= Listed records =
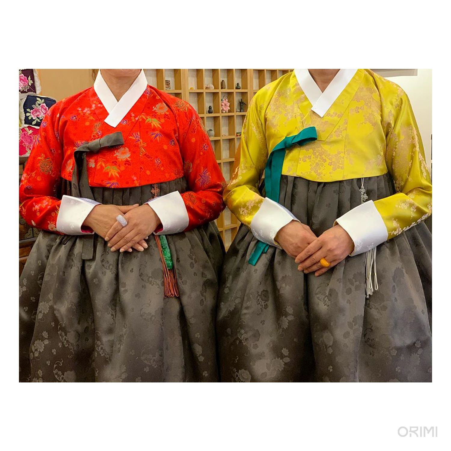 같은 색상의 치마에 빨간 양단 저고리를 맞추신 친정 어머님과, 노란 저고리의 시어머님 두 분께서 나란히 함께 서 보았습니다. 두 분의 취향과 체형에 알맞는 핏으로 각각 제작하였고, 완성된 옷들이 모두 아름답게 잘 어울리셔서 흐뭇했던 날의 기록입니다.
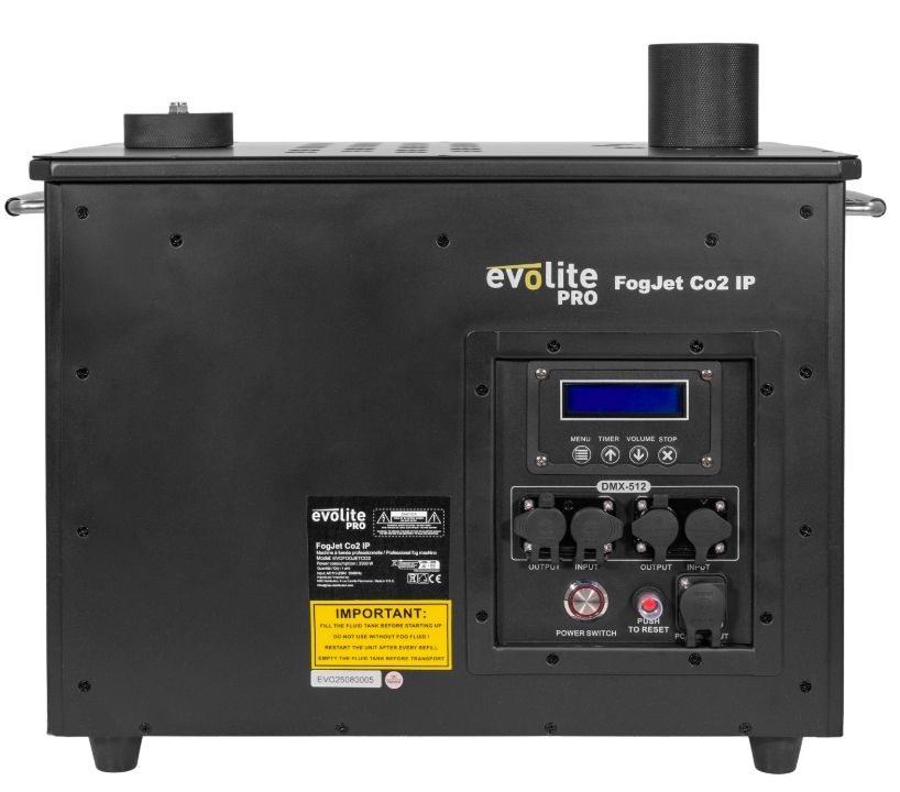 Evolite Pro FogJet Co2 IP - CO2 fog machine, 3500 W, jets up to 15 m, RGB LEDs, IP54, DMX 5/11 channels. Perfect for outdoor concerts and festivals.
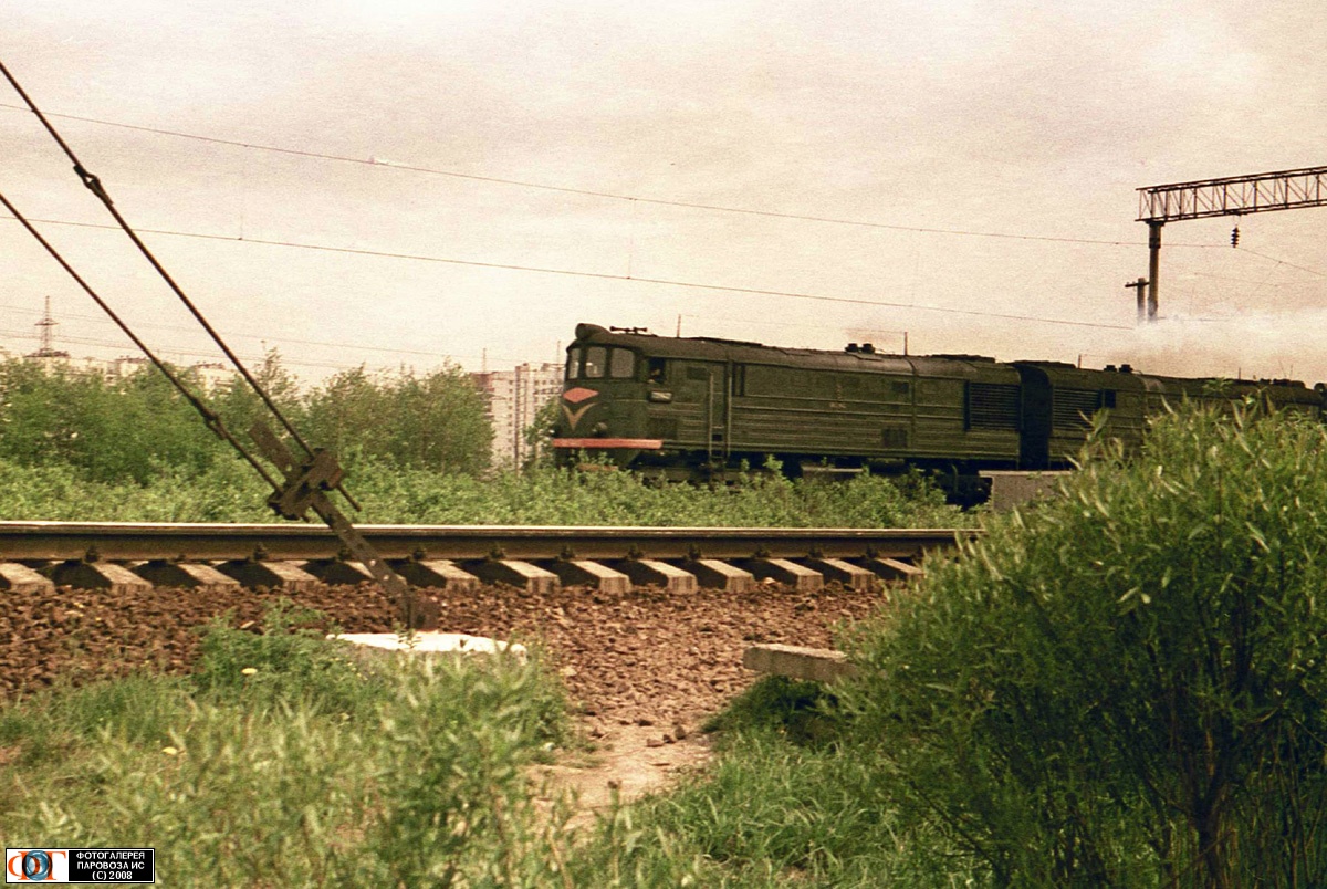 | Тепловоз ТЭ3 у пл. Купчино, перегон Шушары - Ленинград-Тов.-Витебский, Санкт-Петербург Автор: Александр GM | Фото сделано 5.VI.1985, опубликовано 26.VII.2008.
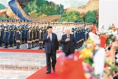 | 七月十八日下午,國(guó)家主席習(xí)近平在北京人民大會(huì)堂同來(lái)華進(jìn)行國(guó)事訪(fǎng)問(wèn)的阿爾及利亞總統(tǒng)特本舉行會(huì)談。這是會(huì)談前,習(xí)近平在人民大會(huì)堂北大廳為特本舉行歡迎儀式。新華社記者 翟健嵐攝 |
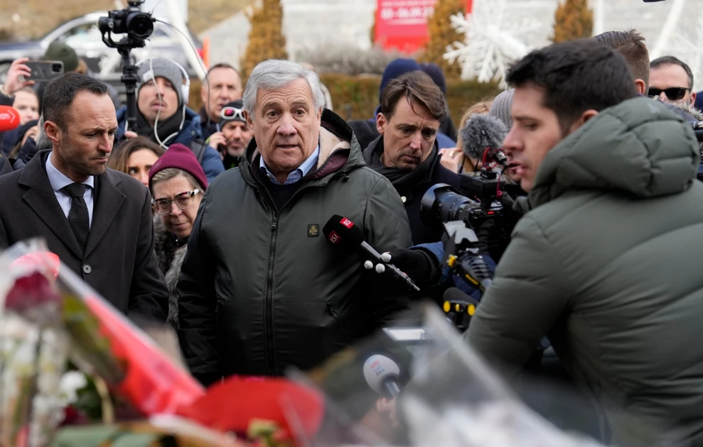 Ο Ιταλός υπουργός Εξωτερικών Αντόνιο Ταγιάνι έφτασε το μεσημέρι στο σημείο της τραγωδίας στο κλαμπ Le Constellation στο Κραν Μοντανά της Ελβετίας, όπου κατέθεσε λουλούδια.
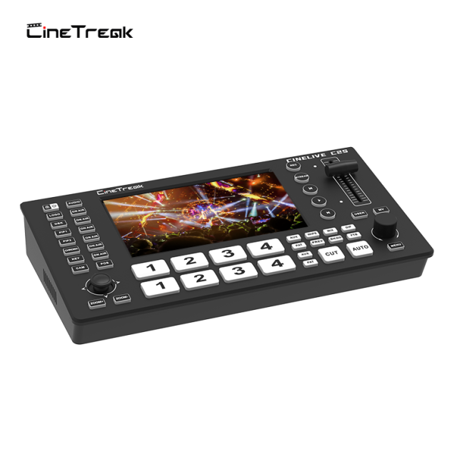 The CineTreak Cinelive C2S is a powerful and compact video mixer engineered for professional livestreaming and hybrid production environments. Housed in a durable aluminum panel, it boasts a 5.5-inch high-precision touchscreen and a streamlined design that delivers robust performance without sacrificing portability.

= What is required =
Keep the pictures out and repeat exactly the lines from the beginning of the data through the line that contains "Evolite Pro FogJet", both ends included.

= Completed task =
 같은 색상의 치마에 빨간 양단 저고리를 맞추신 친정 어머님과, 노란 저고리의 시어머님 두 분께서 나란히 함께 서 보았습니다. 두 분의 취향과 체형에 알맞는 핏으로 각각 제작하였고, 완성된 옷들이 모두 아름답게 잘 어울리셔서 흐뭇했던 날의 기록입니다.
 Evolite Pro FogJet Co2 IP - CO2 fog machine, 3500 W, jets up to 15 m, RGB LEDs, IP54, DMX 5/11 channels. Perfect for outdoor concerts and festivals.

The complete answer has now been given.